Er war allein. Ein geschundener Körper im ewigen Eis. Sein Herz schlug, das Blut zirkulierte durch seine Adern, doch es vermochte ihn nicht zu wärmen, nicht so wie es ein gutes Wort vermag, ein lächeln, leuchtende Augen, die Anwesenheit eines Menschen.
Die Einsamkeit ließ ihn erschauern.
Der rote Schein am Horizont kündigte die Sonne an. In ihrem Licht würde der Mensch die Reste seiner Ausrüstung suchen.
Eine zaghafte Bewegung seines Daumens erforderte seine ganze Kraft. Der Schmerz raubte ihm fast das Bewußtsein, aber es war das Zeichen für Leben. Wie durch ein Wunder hatte er in einer Schneewehe überlebt. Ein Teil der Zeltbahn spannte über sein Gesicht und klebte auf der blutverkrusteten Stirn. Spannschnüre hatten sich um seine Füße gewickelt und fesselten seinen linken Arm auf den Rücken. Irgendetwas Hartes drückte auf seine Brust. Der rechte Arm war frei.

Seit diesem Zeitpunkt ließ die Einsamkeit nicht mehr von ihm ab. Sie lauerte auf ihn, hinter jedem Hügel, in jeder Senke, geduckt wie ein Raubtier, zum Sprung bereit. Der Mensch spürte ihre Anwesenheit. Er war wachsam, sein geplagter Körper war voller Spannung, er keuchte unter der Last der Anstrengung. Knirschend bahnten sich seine Skier durch die jungfräuliche Decke des Firns. Angstvoll drehte der Mensch sich um, immer und immer wieder - und sie kam näher. Die Einsamkeit hatte ihn fest im Blick und ließ ihn nicht mehr los. Gleichmäßig, unbeirrbar näherte sie sich ihm, wie ein Aasfresser dem verendenden Tier; geduldig, sich seiner Beute bewußt.
Aber der Mensch war nicht am Ende, er hatte Kraft und ein Ziel. Der Höhenzug war nicht mehr weit. Deutlich zeichnete sich der Paß ab. Kein schwieriger Paß, eher ein Spaziergang, ein sanfter Sattel zwischen zwei Hügeln, hinter denen das Inuitdorf lag, die Rettung! Die Aussicht auf freundliche Gesichter, auf Lachen und menschliche Stimmen trieb ihn an. Trotz der eisigen Kälte schwitzte er. Durch seine Kleidung drang der Schweiß und verdampfte an der Oberfläche, wie nach einem sommerlichen Gewitterregen das Wasser auf einer heißen Vorstadtstraße. Nur noch wenige Meter bis zur Paßhöhe. Gleichmäßig und kontrolliert setzte er einen Fuß vor den Anderen - er war oben. Vor ihm breitete sich das Land aus, ein herrliches Land mit leichten Hügeln und weiten Ebenen, bedeckt von einem im untergehenden Sonnenlicht funkelnden seidenen Tuch. Einem unberührten, makellosen Tuch, das alles Leben erstickte und der Stille den Weg bahnte, der nicht enden wollenden Stille - dem Tod.

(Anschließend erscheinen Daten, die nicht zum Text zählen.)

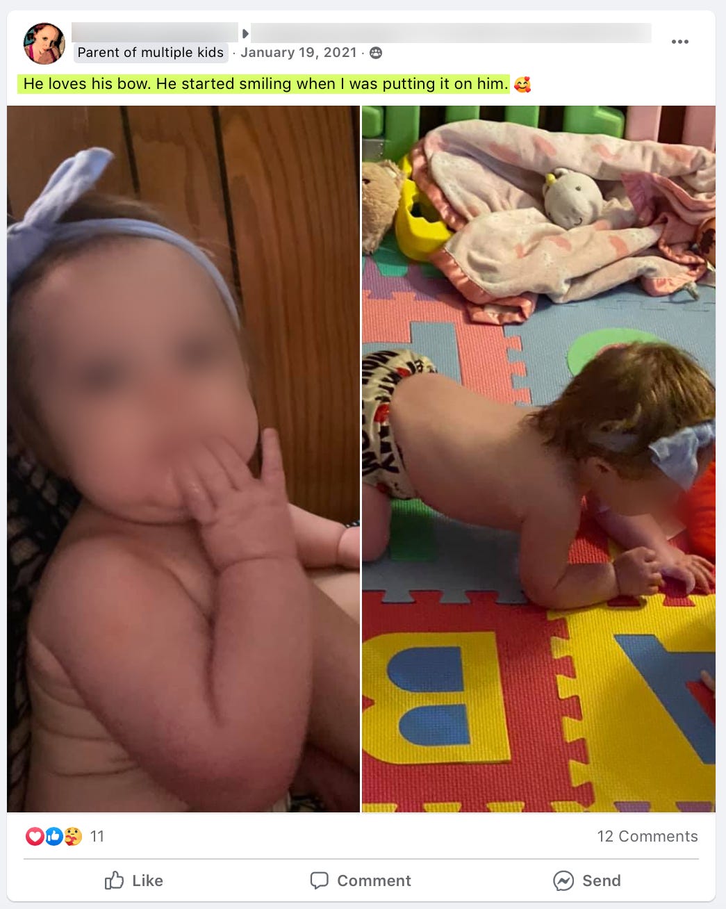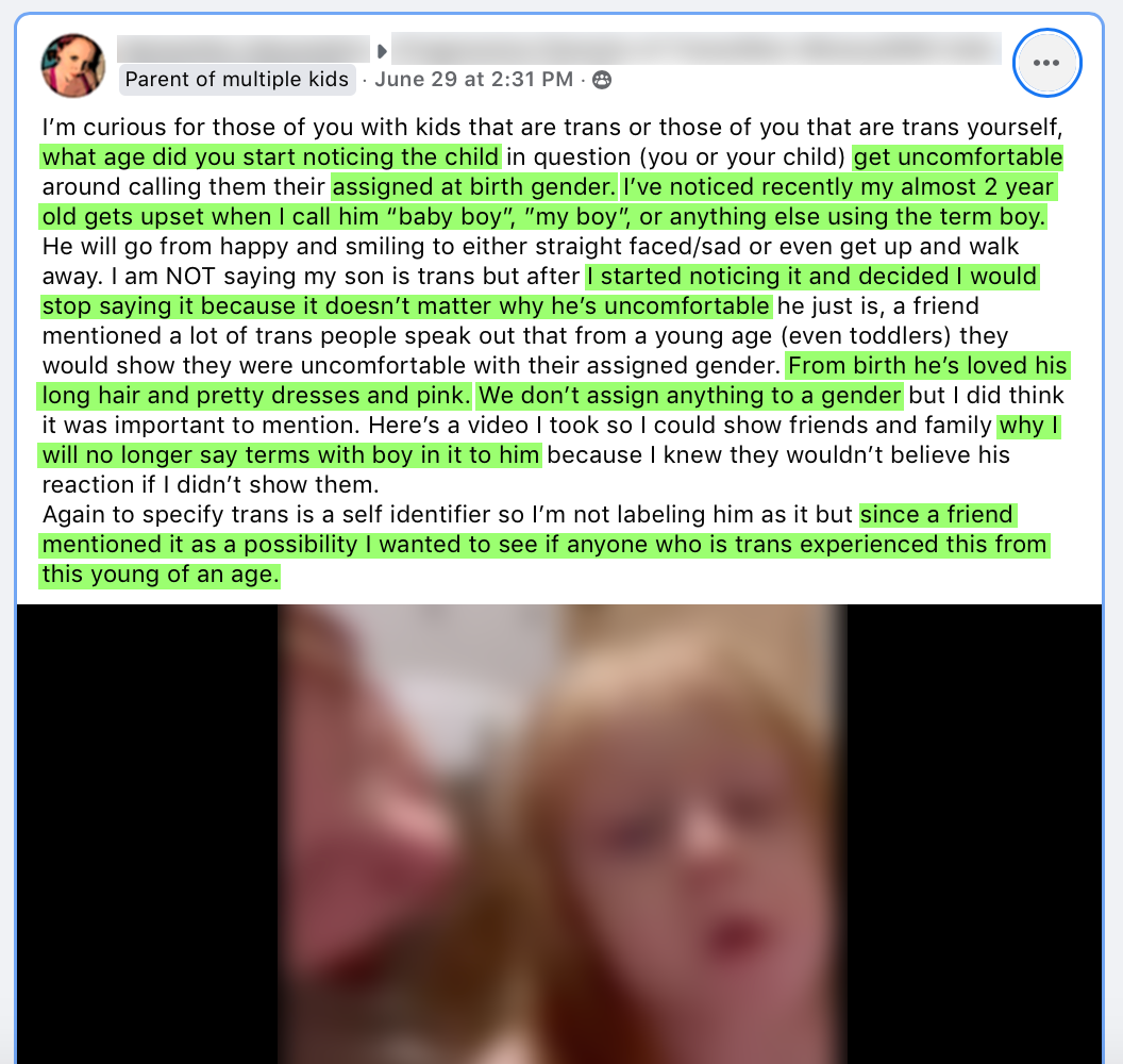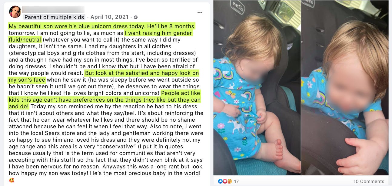 Again, none of this would be that unusual for an infant boy to play with dolls or dress up in a skirt had the mother not been posting about these things in a Facebook group for parents of “transgender kids” with the intent to seek advice and praise from other parents of “trans kids.”

Die Einsamkeit schnappte nach ihm, sie zerrte, sie rüttelte an ihm, sie zerriß ihn. Der Mensch wehrte sich nicht, er ließ es mit sich geschehen, der Lauf des Revolvers in seinem Mund war nicht Bedrohung für ihn sonder Erlösung und dann durchströmte ihn Wärme und ein behütendes Licht hüllte ihn ein.

Die Inuitkinder spielten vor dem Versammlungshaus im in der Nacht gefallenen Schnee, als der Schuß das Leben unterbrach. Die Kinder schauten sich an und auch die Erwachsenen waren aus den Baracken gekommen. Der Knall kam oben vom Paß. Er war vom Dorf aus nicht einzusehen, weil ein Felsvorsprung sich zwischen ihn und das Dorf zwängte.
Motorschlitten heulten auf, Hunde kläfften, Menschenstimmen überall. Jeder eilte aus dem Dorf, um den Felsen herum, um auf den Paß blicken zu können.
Er lag eigentlich da wie immer, eine von unberührtem Schnee bedeckte Senke zwischen zwei Hügeln, nur die rote Stelle an seinem höchsten Punkt störte das Gewohnte. Eine kandierte Kirsche auf einem von Puderzucker bestreuten Kuchen.